> Work to be completed
Start at the first line below and write out everything verbatim except the pictures.
━━━━━━━━━━━━━━━━
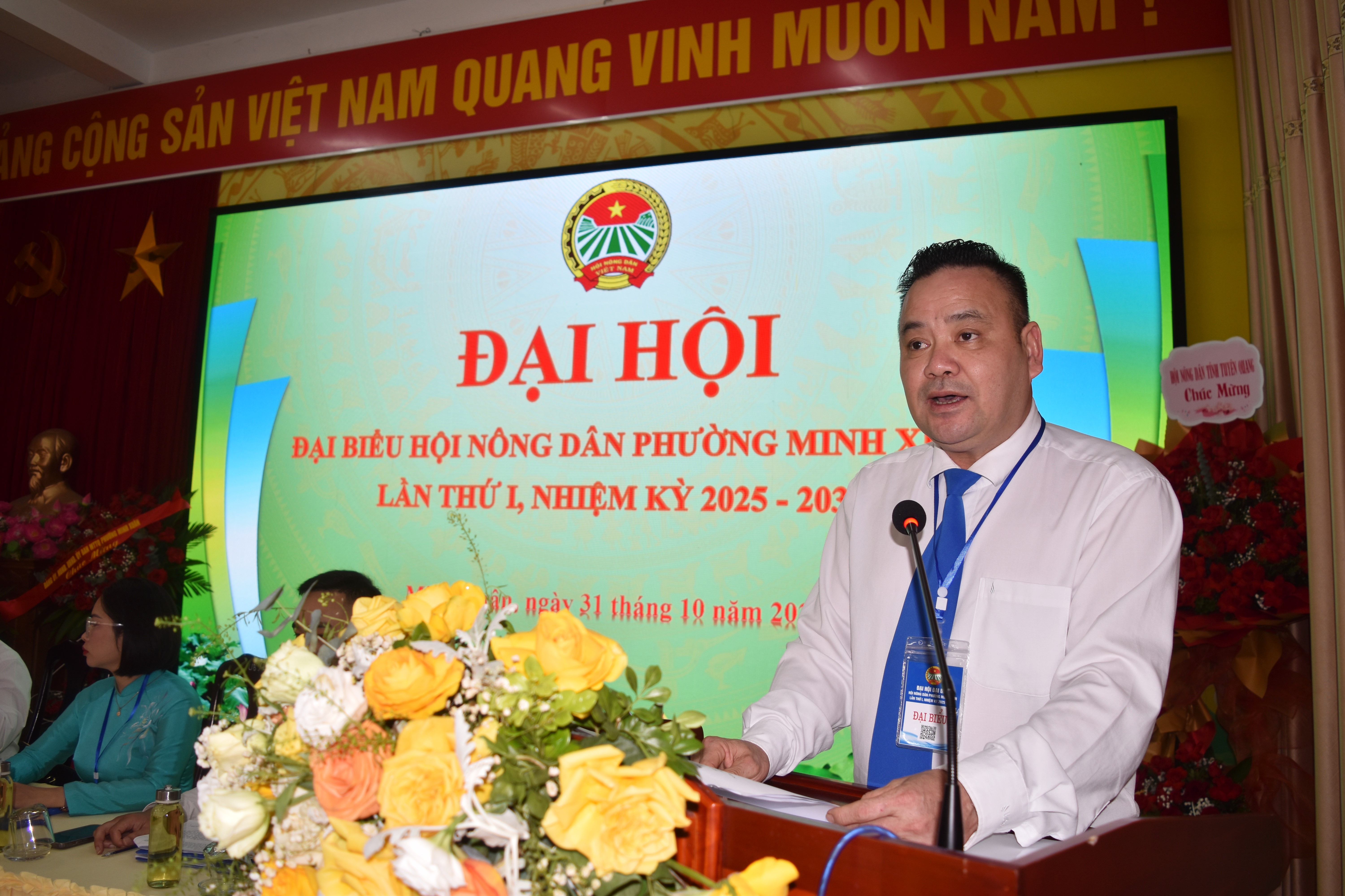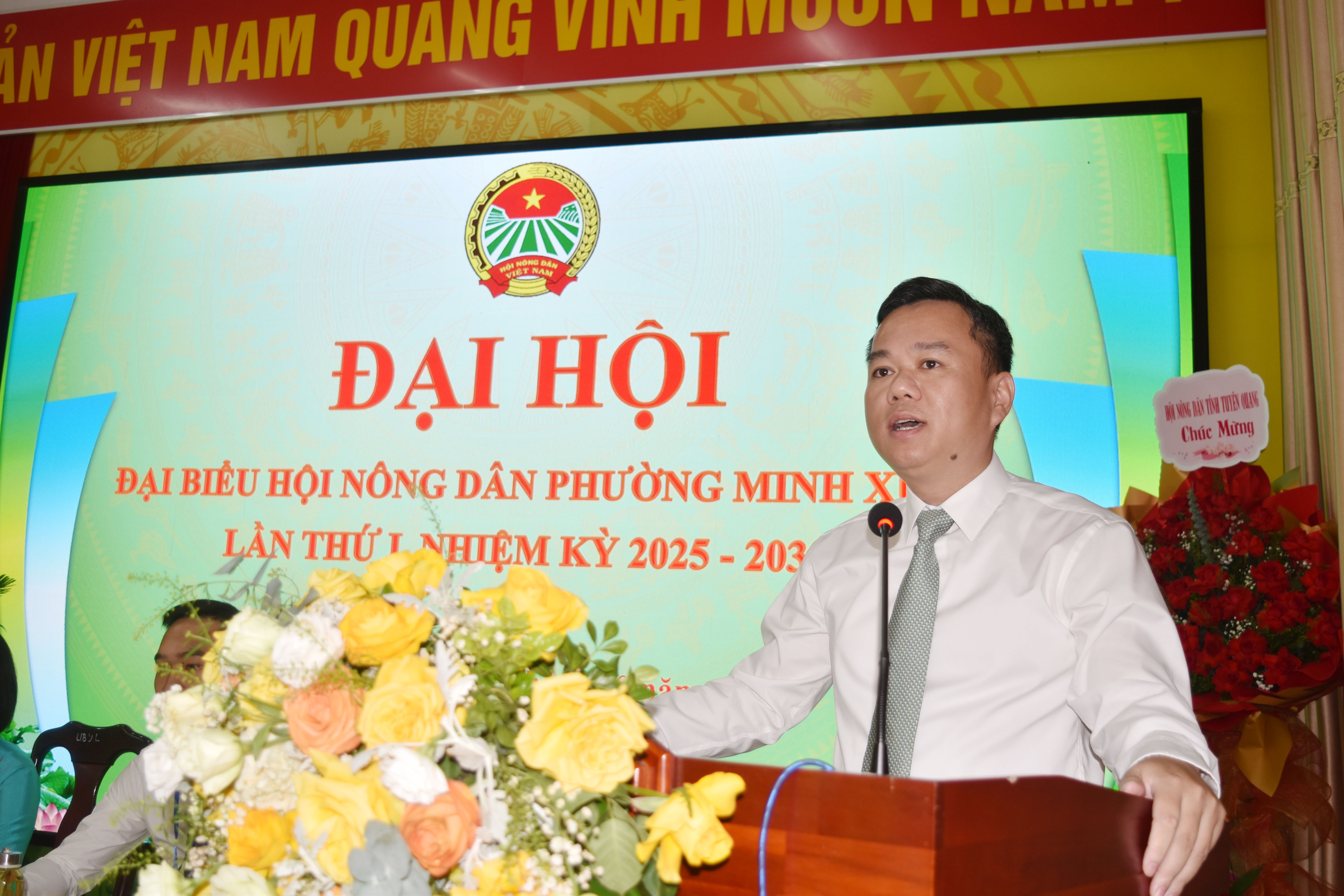 Phát biểu chỉ đạo tại Đại hội, đồng chí Đỗ Hùng Đức, Ủy viên Ban Chấp hành Đảng bộ tỉnh, Bí thư Đảng ủy phường Minh Xuân và đồng chí Hoàng Quốc Tuấn, Phó Chủ tịch Hội Nông dân tỉnh đã biểu dương kết quả Hội nông dân phường đạt được và đề nghị Hội Nông dân phường Minh Xuân tiếp tục phát huy vai trò trung tâm, nòng cốt, đổi mới mạnh mẽ nội dung, phương thức tuyên truyền theo hướng thiết thực, hiệu quả; tập trung tuyên truyền các chủ trương, đường lối, nghị quyết, chỉ thị của Đảng, Nhà nước, của tỉnh và của Hội Nông dân, nhất là về lĩnh vực khoa học và công nghệ, đổi mới sáng tạo, chuyển đổi số. Chủ động, tích cực tham gia xây dựng Đảng, xây dựng chính quyền vững mạnh. Đẩy mạnh các phong trào thi đua gắn với thực hiện Nghị quyết Đại hội Đảng bộ phường nhiệm kỳ 2025-2030.
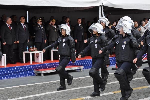 TÜRK Polis Teşkilatı'nın 171. kuruluş yıl dönümü, İzmir Cumhuriyet Meydanı'nda düzenlenen törenle kutlandı. Terörle mücadele kapsamında, doğru illerine gönderilen Özel Harekat polisleri geçit törenine katılamadı. Törende konuşan İl Emniyet Müdürü Celal Uzunkaya, "Son aylarda ülkemizin bir bölgesinde yürütülen bölücü terörü ve terörün kalıntılarını tüm izleriyle birlikte kazıyıp temizleme operasyonları kapsamında verdiğimiz şehitler nedeniyle bu yıl biraz daha buruk ancak çok daha fazla onur beratlı bir kutlama yapıyoruz" dedi.
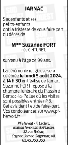 Cet espace « condoléances » est dédié à la mémoire de Madame Suzanne FORT née CINTURET.
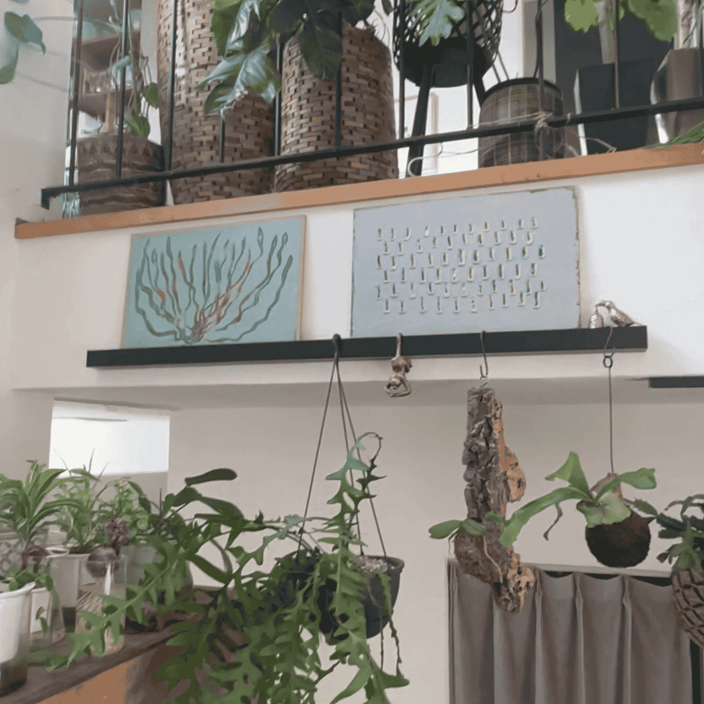 壁に付ける棚やバー、そして壁を飾るアートグリーン。
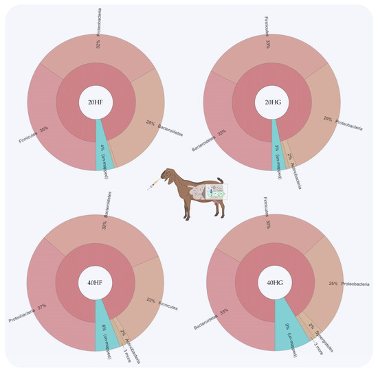 Relative abundance of the most abundant phyla in rumen fluid of goats fed diets (20HF, 20HG, 40HF, and 40HG) with different levels of Schizochytrium spp. (20 g and 40 g/goat/day) and two different forage to concentrate ratios (60:40 and 40:60) throughout the experimental period (21 and 42 experimental days) illustrated using Krona software. Additional statistics are available in Table S3.
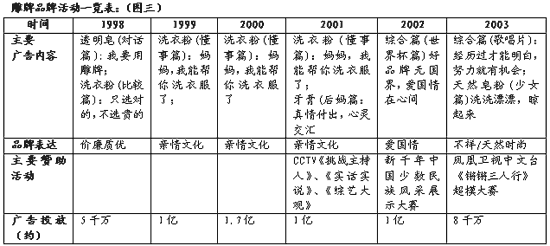行内人士都知道,雕牌每卖出去1吨洗衣粉内就有400公斤南风集团的元明粉。而南风集团的奇强洗衣粉却正是雕牌最大的竞争对手。所以对比雕牌,奇强更有成本的优势。而事实上南风集团已经在在西北、东北、东南、西南等地农村市场分别推出金猫、洁力王、佳宝、太阳等价格更低的区域性品牌洗衣粉来对抗雕牌。同时跨国公司在这个品类上也终于惊醒,“低价意味着销量”。所以节约成本成了经营该品类的头等大事,从把外籍经理“赶”回老家,到帮别人生产,请别人生产,所有的一切以节约成本为中心。无论是当年奥妙的“价格跳水”,还是汰渍的“强档价”,市场结果也验证了“低价是硬道理”。 从靠价格战起家,到“我们不打价格战”,只有一个理由,成本开始失去优势。其实从纳爱斯逐年减少的广告费上已经可以看到,它在成本和出厂价间可以运作的空间已经很小。2004年中央电视台的广告招标大会上,纳爱斯更是捉襟见肘,在距离标的终价一半的时候就放弃了。改善产品质量的稳定性,提高生产效率这本没有错,但是如果因此就需要建立五大生产基地,逆成本而上,就很值得深思了。一位业内资深人士指出“五足鼎立,至少在3-5年内都不会有明显的经济效益,这其实是个形象工程”。项庄舞剑,意在沛公,不从自身企业的角度去考虑问题,纳爱斯还有多少本钱去“树形象,搞百年大计”? 洗涤业的行业壁垒和技术壁垒都不高,产品本身的差异也不大,而消费者对产品的表现又很难直观体验,所以价格成了最为重要的因素。失去成本优势的纳爱斯,它的低价大旗还能扛多久?而失去价格优势,雕牌洗衣粉还能走多远? 品牌,缺乏规划 “做品牌需要打广告,但打广告不等于做品牌”,纳爱斯只读到了前半句。广告在雕牌成长的过程中起到了至关重要的作用。有人说“没有描写下岗家庭的《懂事篇》,就没有今天的雕牌”。1999年光《懂事篇》的播放,纳爱斯就投入了接近一个亿的资金,也就是在这一年它的洗衣粉销量获得了突破性的增长。“照葫芦画瓢”,这种方法在推广雕牌牙膏的时候却失去了效果。《后妈篇》所传递的“真情付出,心灵交汇”的概念,把消费者的思维更多的转移到对离异家庭的关注上,而不是牙膏本身。
━━━━━━━━━━━━━━━━
> Solution
 Phát biểu chỉ đạo tại Đại hội, đồng chí Đỗ Hùng Đức, Ủy viên Ban Chấp hành Đảng bộ tỉnh, Bí thư Đảng ủy phường Minh Xuân và đồng chí Hoàng Quốc Tuấn, Phó Chủ tịch Hội Nông dân tỉnh đã biểu dương kết quả Hội nông dân phường đạt được và đề nghị Hội Nông dân phường Minh Xuân tiếp tục phát huy vai trò trung tâm, nòng cốt, đổi mới mạnh mẽ nội dung, phương thức tuyên truyền theo hướng thiết thực, hiệu quả; tập trung tuyên truyền các chủ trương, đường lối, nghị quyết, chỉ thị của Đảng, Nhà nước, của tỉnh và của Hội Nông dân, nhất là về lĩnh vực khoa học và công nghệ, đổi mới sáng tạo, chuyển đổi số. Chủ động, tích cực tham gia xây dựng Đảng, xây dựng chính quyền vững mạnh. Đẩy mạnh các phong trào thi đua gắn với thực hiện Nghị quyết Đại hội Đảng bộ phường nhiệm kỳ 2025-2030.
 TÜRK Polis Teşkilatı'nın 171. kuruluş yıl dönümü, İzmir Cumhuriyet Meydanı'nda düzenlenen törenle kutlandı. Terörle mücadele kapsamında, doğru illerine gönderilen Özel Harekat polisleri geçit törenine katılamadı. Törende konuşan İl Emniyet Müdürü Celal Uzunkaya, "Son aylarda ülkemizin bir bölgesinde yürütülen bölücü terörü ve terörün kalıntılarını tüm izleriyle birlikte kazıyıp temizleme operasyonları kapsamında verdiğimiz şehitler nedeniyle bu yıl biraz daha buruk ancak çok daha fazla onur beratlı bir kutlama yapıyoruz" dedi.
 Cet espace « condoléances » est dédié à la mémoire de Madame Suzanne FORT née CINTURET.
 壁に付ける棚やバー、そして壁を飾るアートグリーン。
 Relative abundance of the most abundant phyla in rumen fluid of goats fed diets (20HF, 20HG, 40HF, and 40HG) with different levels of Schizochytrium spp. (20 g and 40 g/goat/day) and two different forage to concentrate ratios (60:40 and 40:60) throughout the experimental period (21 and 42 experimental days) illustrated using Krona software. Additional statistics are available in Table S3.
行内人士都知道,雕牌每卖出去1吨洗衣粉内就有400公斤南风集团的元明粉。而南风集团的奇强洗衣粉却正是雕牌最大的竞争对手。所以对比雕牌,奇强更有成本的优势。而事实上南风集团已经在在西北、东北、东南、西南等地农村市场分别推出金猫、洁力王、佳宝、太阳等价格更低的区域性品牌洗衣粉来对抗雕牌。同时跨国公司在这个品类上也终于惊醒,“低价意味着销量”。所以节约成本成了经营该品类的头等大事,从把外籍经理“赶”回老家,到帮别人生产,请别人生产,所有的一切以节约成本为中心。无论是当年奥妙的“价格跳水”,还是汰渍的“强档价”,市场结果也验证了“低价是硬道理”。 从靠价格战起家,到“我们不打价格战”,只有一个理由,成本开始失去优势。其实从纳爱斯逐年减少的广告费上已经可以看到,它在成本和出厂价间可以运作的空间已经很小。2004年中央电视台的广告招标大会上,纳爱斯更是捉襟见肘,在距离标的终价一半的时候就放弃了。改善产品质量的稳定性,提高生产效率这本没有错,但是如果因此就需要建立五大生产基地,逆成本而上,就很值得深思了。一位业内资深人士指出“五足鼎立,至少在3-5年内都不会有明显的经济效益,这其实是个形象工程”。项庄舞剑,意在沛公,不从自身企业的角度去考虑问题,纳爱斯还有多少本钱去“树形象,搞百年大计”? 洗涤业的行业壁垒和技术壁垒都不高,产品本身的差异也不大,而消费者对产品的表现又很难直观体验,所以价格成了最为重要的因素。失去成本优势的纳爱斯,它的低价大旗还能扛多久?而失去价格优势,雕牌洗衣粉还能走多远? 品牌,缺乏规划 “做品牌需要打广告,但打广告不等于做品牌”,纳爱斯只读到了前半句。广告在雕牌成长的过程中起到了至关重要的作用。有人说“没有描写下岗家庭的《懂事篇》,就没有今天的雕牌”。1999年光《懂事篇》的播放,纳爱斯就投入了接近一个亿的资金,也就是在这一年它的洗衣粉销量获得了突破性的增长。“照葫芦画瓢”,这种方法在推广雕牌牙膏的时候却失去了效果。《后妈篇》所传递的“真情付出,心灵交汇”的概念,把消费者的思维更多的转移到对离异家庭的关注上,而不是牙膏本身。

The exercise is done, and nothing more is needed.